Pour les différents types de cancer, 10 % sont dus à des transmissions de gènes défectueux de génération en génération. Pour les 90 % restants, c’est dû à notre environnement : la qualité de l’air que nous respirons, les aliments qu’on ne mange pas en suffisante quantité et certains métiers qui font que certaines personnes sont plus à risque que d’autres. Chaque type de cancer a des facteurs de risque et moyens de prévention propre à lui.

Par exemple, ceux qui ont des problèmes gastriques chroniques, ont des problèmes au niveau de l’œsophage, sont en surpoids doivent faire attention. Ils peuvent en effet avoir des irritations chroniques sur plusieurs années et cela peut engendrer un cancer au niveau de l’estomac (6ème ou 7ème plus fréquent chez l’homme) ou de l’œsophage supérieur. Comme moyens de prévention, il faut traiter le problème gastrique.

Le cancer de la bouche ou de l’œsophage, est lié à l’abus de boissons alcoolisées sous toutes ses formes. Par ailleurs, tout ce qui contient de la nicotine agresse nos poumons. Il est donc primordial d’éviter ces deux facteurs de risque. Mais il y a aussi des cancers dus à des virus : l’hépatite B et C qui peuvent entraîner des complications graves comme la cirrhose ou le cancer du foie.

Situation du cancer

Une étude menée par l’International Association for Research in Cancer de l’Organisation mondiale de la santé (OMS) indique qu’à Maurice, pour 1 200 nouveaux cas de cancer diagnostiqués en 2018, les tumeurs les plus fréquentes chez les hommes se trouvent au niveau de la prostate, du poumon et du côlon.

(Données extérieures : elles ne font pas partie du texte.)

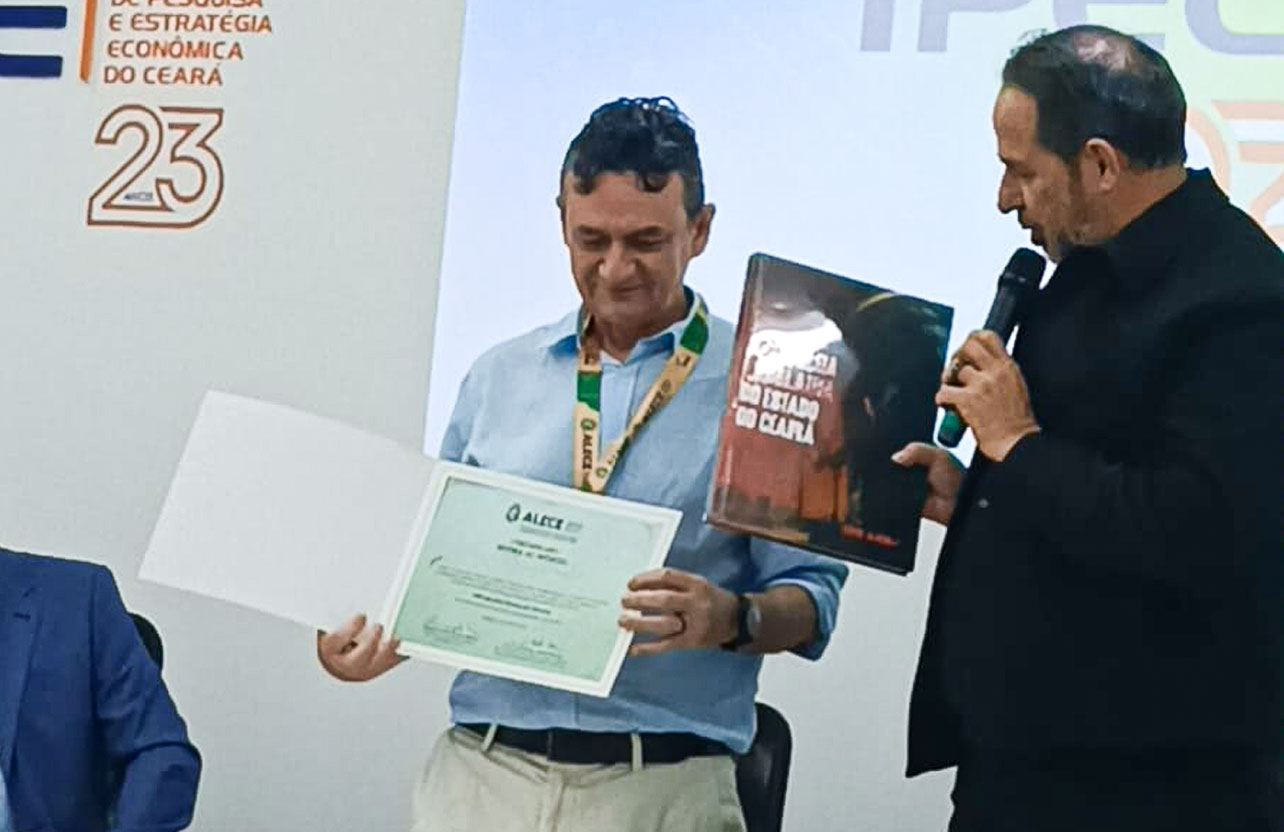 O Diretor Executivo do Inesp agradeceu a parceria do Ipece com a Alece (Inesp), que sempre foi muito profícua e afirmou que o Ipece “consolidou um modelo de produção de estudos, pesquisas e informações socioeconômicas e geográficas que subsidiam a avaliação de programas e a elaboração de políticas públicas para o desenvolvimento sustentável do Estado do Ceará”. O professor Alfredo Pessoa agradeceu a homenagem e disse que ela pertencia não só a ele, mas a todos que fazem o Instituto. Pessoa também recebeu o livro “Os 300 anos de Fortaleza”, que tem como autores Artur Bruno e Airton Farias, da Edições Inesp, que em breve vai ser lançado oficialmente.

Le plus mortel est le cancer du poumon.

Selon l’étude, parmi les patients atteints d’un cancer colorectal, 25 % peuvent mourir mais les 75 % autres dont la maladie aura été détectée tôt auront bénéficié de traitement comme la colectomie qui leur permettra de vivre plusieurs années. 30 % des patients avec un cancer de la prostate en 2018 vont probablement mourir et 70 % vont s’en sortir.

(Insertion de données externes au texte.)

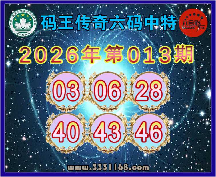 013期:【码王传奇】 🪢六码中特🪢【03.06.28.40.43.46】开:01
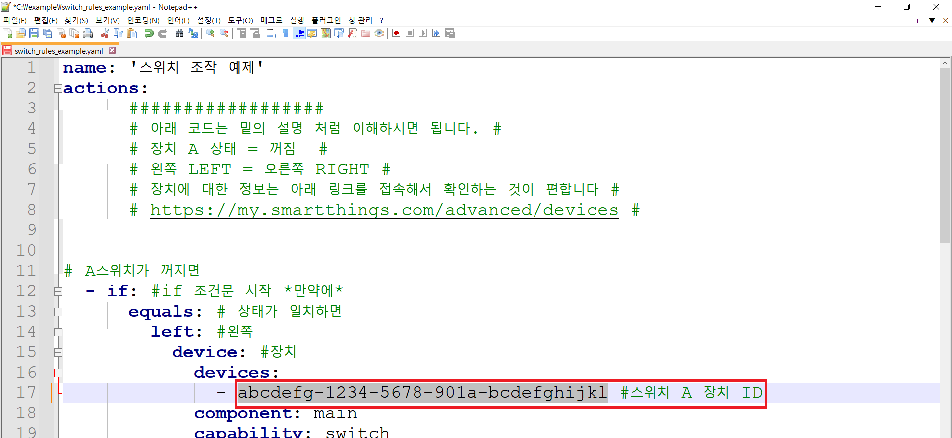 이 장치 ID를 복사하셔서 예제 파일의 스위치 A 장치 ID에 입력하시면 됩니다.

Pour ce qui est du cancer du poumon, il y a entre 90 à 95 % de décès de ce type de cancer chez les hommes malgré les traitements. Un taux que le Dr Sohawon considère comme étant alarmant.

Chez les femmes, c’est le cancer du sein qui est le plus commun. En comparaison avec le continent africain et les pays asiatiques, les femmes mauriciennes ont entre trois à quatre fois plus de risques d’avoir le cancer du sein. Selon le Dr Sohawon, la femme mauricienne est en train de rejoindre la femme caucasienne dans le risque d’avoir le cancer du sein. Selon lui, il est important de faire des campagnes de sensibilisation afin d’encourager les femmes à faire le dépistage car il y a des traitements disponibles. Le dépistage précoce permet en effet une prise en charge rapide et augmente les chances de s’en sortir.

Le deuxième type de cancer le plus fréquent chez la femme mauricienne est le cancer du col de l’utérus. Avec les mesures mises en place par les autorités à travers des campagnes de vaccination des jeunes filles dès l’école primaire, le taux devrait diminuer. Mais les résultats ne seront visibles que dans cinq à 10 ans car ce sont des mesures prises dans le moyen et long terme.

Puis il y a le cancer des ovaires qui touche plus ou moins les femmes ménopausées. En raison de la forte proportion de femmes dans la tranche d’âge de 40 à 50 ans, il y a une hausse par rapport au nombre de la population.

Les enfants sont aussi touchés par le cancer mais c’est en très petit pourcentage. Le plus commun est la leucémie ou encore les tumeurs cérébrales qui sont rares à Maurice ainsi que les tumeurs rénales.